- [TASK INPUT]
- - - - -
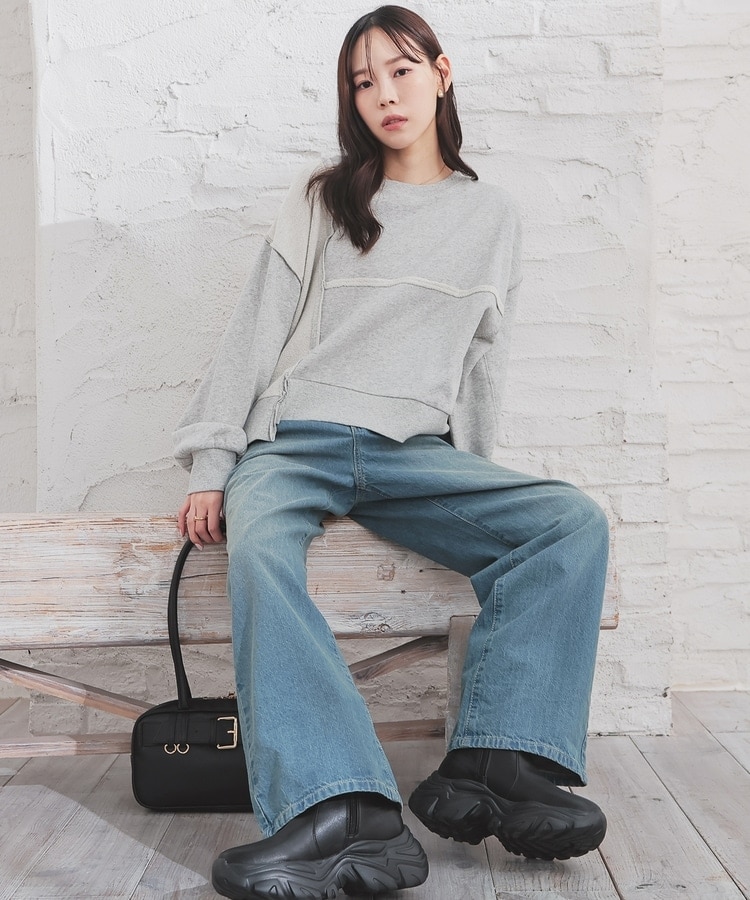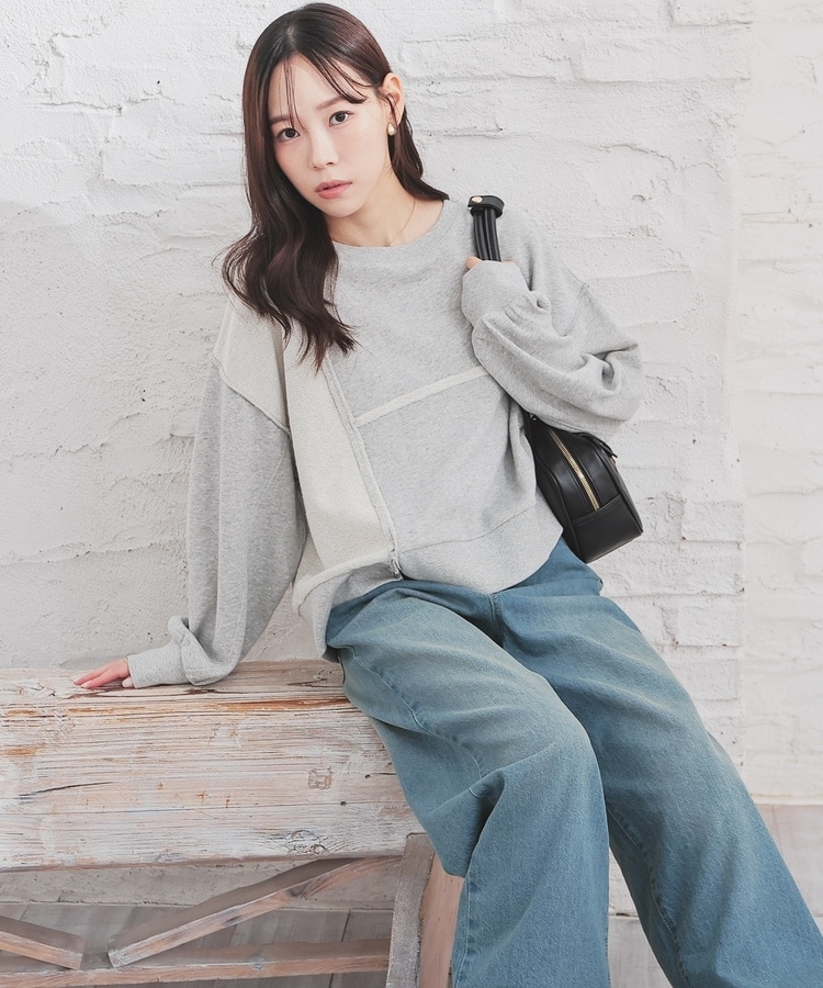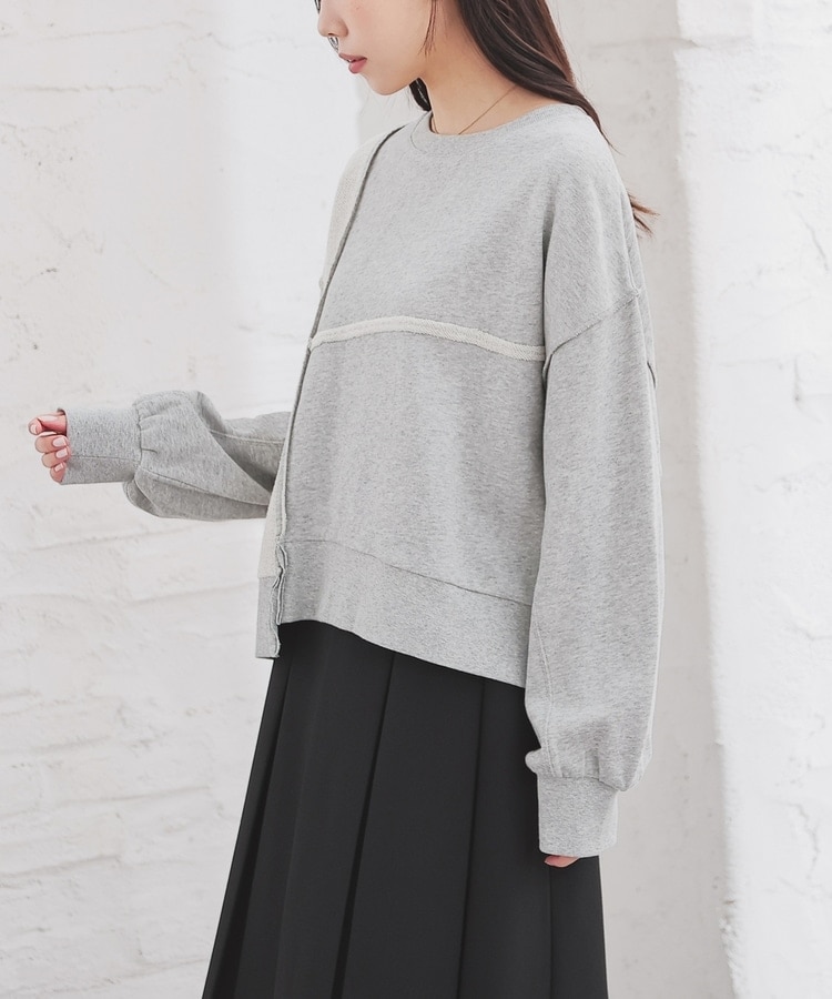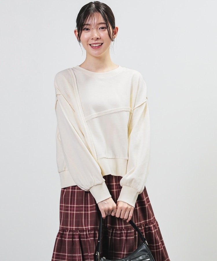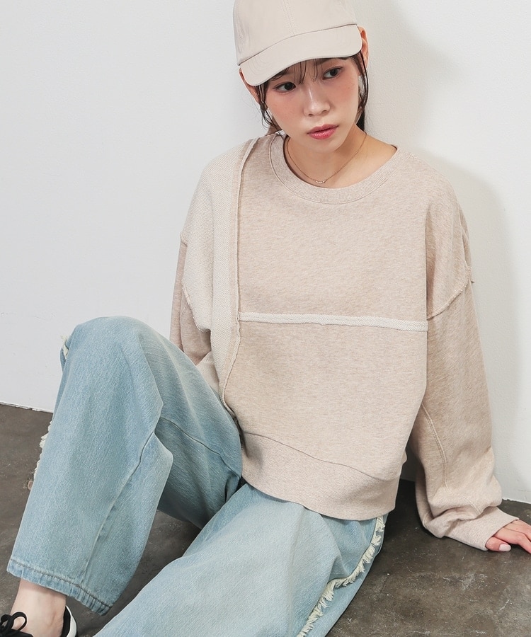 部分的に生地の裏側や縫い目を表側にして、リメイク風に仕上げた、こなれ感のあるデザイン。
- - - - -
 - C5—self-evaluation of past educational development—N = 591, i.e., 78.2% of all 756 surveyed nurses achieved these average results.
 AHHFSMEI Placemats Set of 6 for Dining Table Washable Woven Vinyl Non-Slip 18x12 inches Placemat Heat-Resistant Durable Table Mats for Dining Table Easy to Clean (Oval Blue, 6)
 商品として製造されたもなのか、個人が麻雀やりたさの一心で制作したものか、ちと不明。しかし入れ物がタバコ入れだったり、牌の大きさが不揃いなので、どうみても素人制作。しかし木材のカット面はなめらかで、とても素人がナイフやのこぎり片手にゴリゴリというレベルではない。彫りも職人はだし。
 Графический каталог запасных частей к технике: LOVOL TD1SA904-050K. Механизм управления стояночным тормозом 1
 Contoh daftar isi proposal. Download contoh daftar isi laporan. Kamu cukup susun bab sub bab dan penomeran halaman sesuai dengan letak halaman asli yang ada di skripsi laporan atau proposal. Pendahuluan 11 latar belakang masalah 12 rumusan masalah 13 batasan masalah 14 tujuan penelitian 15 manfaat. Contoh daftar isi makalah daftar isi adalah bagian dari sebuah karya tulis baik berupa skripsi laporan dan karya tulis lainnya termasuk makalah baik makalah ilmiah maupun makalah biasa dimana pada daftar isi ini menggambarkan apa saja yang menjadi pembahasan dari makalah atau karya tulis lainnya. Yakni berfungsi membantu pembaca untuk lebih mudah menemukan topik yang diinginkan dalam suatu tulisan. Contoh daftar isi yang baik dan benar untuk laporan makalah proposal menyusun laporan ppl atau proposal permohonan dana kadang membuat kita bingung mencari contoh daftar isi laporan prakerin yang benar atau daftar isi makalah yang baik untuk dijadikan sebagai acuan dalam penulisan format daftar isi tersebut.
- - - - -
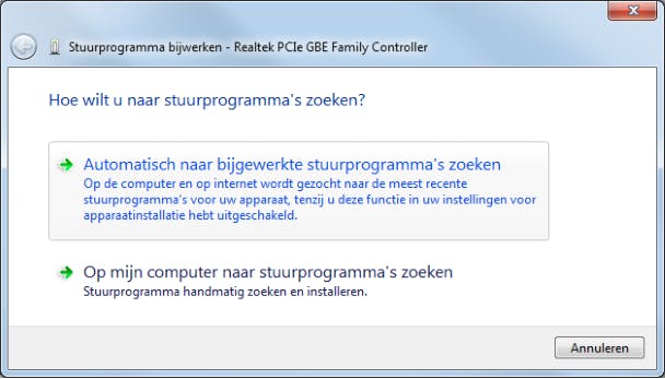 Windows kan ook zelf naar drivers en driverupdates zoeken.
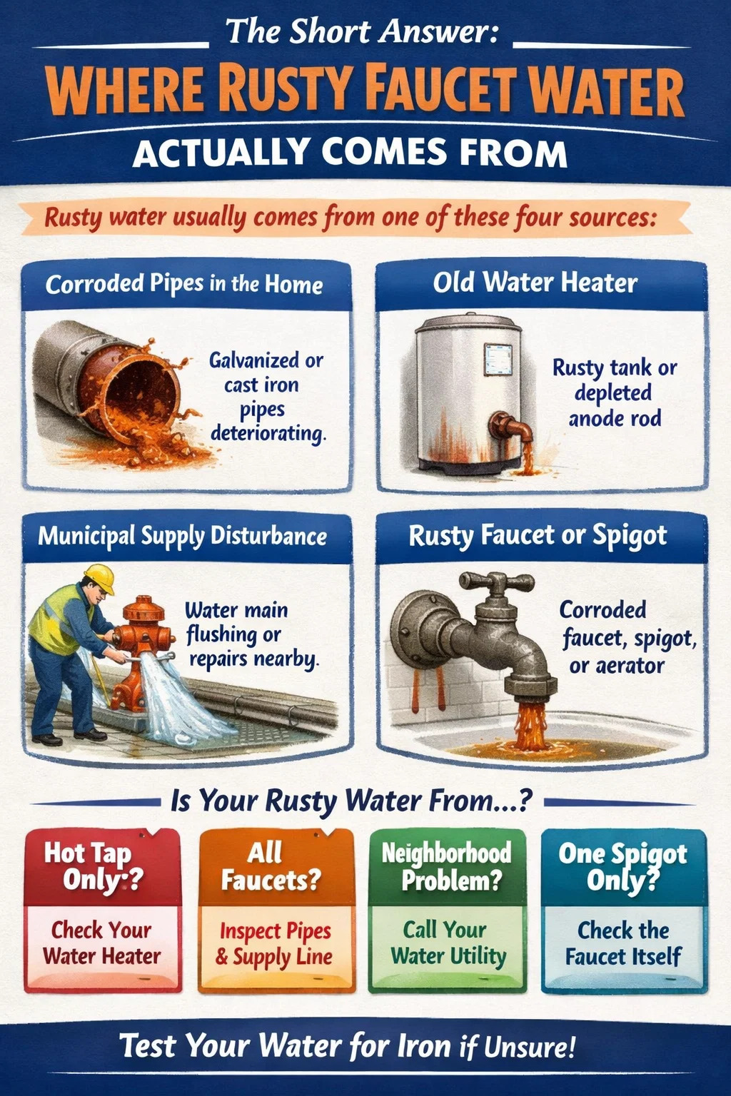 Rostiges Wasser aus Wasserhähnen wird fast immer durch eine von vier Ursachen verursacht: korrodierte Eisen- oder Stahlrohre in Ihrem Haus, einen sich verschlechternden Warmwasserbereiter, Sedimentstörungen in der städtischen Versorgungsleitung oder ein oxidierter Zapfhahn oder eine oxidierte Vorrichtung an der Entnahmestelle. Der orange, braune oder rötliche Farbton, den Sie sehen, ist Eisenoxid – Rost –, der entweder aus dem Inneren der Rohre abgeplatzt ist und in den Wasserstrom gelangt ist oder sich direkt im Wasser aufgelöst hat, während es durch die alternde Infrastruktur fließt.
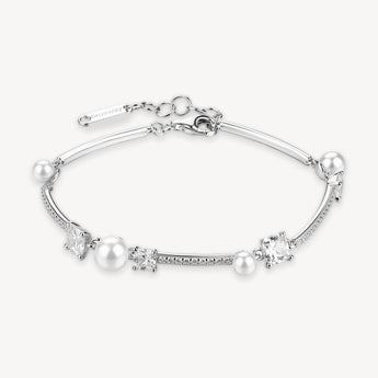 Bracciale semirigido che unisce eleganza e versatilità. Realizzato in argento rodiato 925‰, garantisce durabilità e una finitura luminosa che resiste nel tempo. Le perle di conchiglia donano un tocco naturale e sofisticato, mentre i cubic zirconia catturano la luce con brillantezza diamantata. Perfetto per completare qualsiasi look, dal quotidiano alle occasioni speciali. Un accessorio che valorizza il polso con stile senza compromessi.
- - - - -
- [TASK DIRECTIONS] Within the material above, extract exactly the lines that start at the line containing "商品として製造されたもなのか" and stop after the line containing "Contoh daftar isi proposal.", and only those.

- [ANSWER TO THE PROBLEM]
 商品として製造されたもなのか、個人が麻雀やりたさの一心で制作したものか、ちと不明。しかし入れ物がタバコ入れだったり、牌の大きさが不揃いなので、どうみても素人制作。しかし木材のカット面はなめらかで、とても素人がナイフやのこぎり片手にゴリゴリというレベルではない。彫りも職人はだし。
 Графический каталог запасных частей к технике: LOVOL TD1SA904-050K. Механизм управления стояночным тормозом 1
 Contoh daftar isi proposal. Download contoh daftar isi laporan. Kamu cukup susun bab sub bab dan penomeran halaman sesuai dengan letak halaman asli yang ada di skripsi laporan atau proposal. Pendahuluan 11 latar belakang masalah 12 rumusan masalah 13 batasan masalah 14 tujuan penelitian 15 manfaat. Contoh daftar isi makalah daftar isi adalah bagian dari sebuah karya tulis baik berupa skripsi laporan dan karya tulis lainnya termasuk makalah baik makalah ilmiah maupun makalah biasa dimana pada daftar isi ini menggambarkan apa saja yang menjadi pembahasan dari makalah atau karya tulis lainnya. Yakni berfungsi membantu pembaca untuk lebih mudah menemukan topik yang diinginkan dalam suatu tulisan. Contoh daftar isi yang baik dan benar untuk laporan makalah proposal menyusun laporan ppl atau proposal permohonan dana kadang membuat kita bingung mencari contoh daftar isi laporan prakerin yang benar atau daftar isi makalah yang baik untuk dijadikan sebagai acuan dalam penulisan format daftar isi tersebut.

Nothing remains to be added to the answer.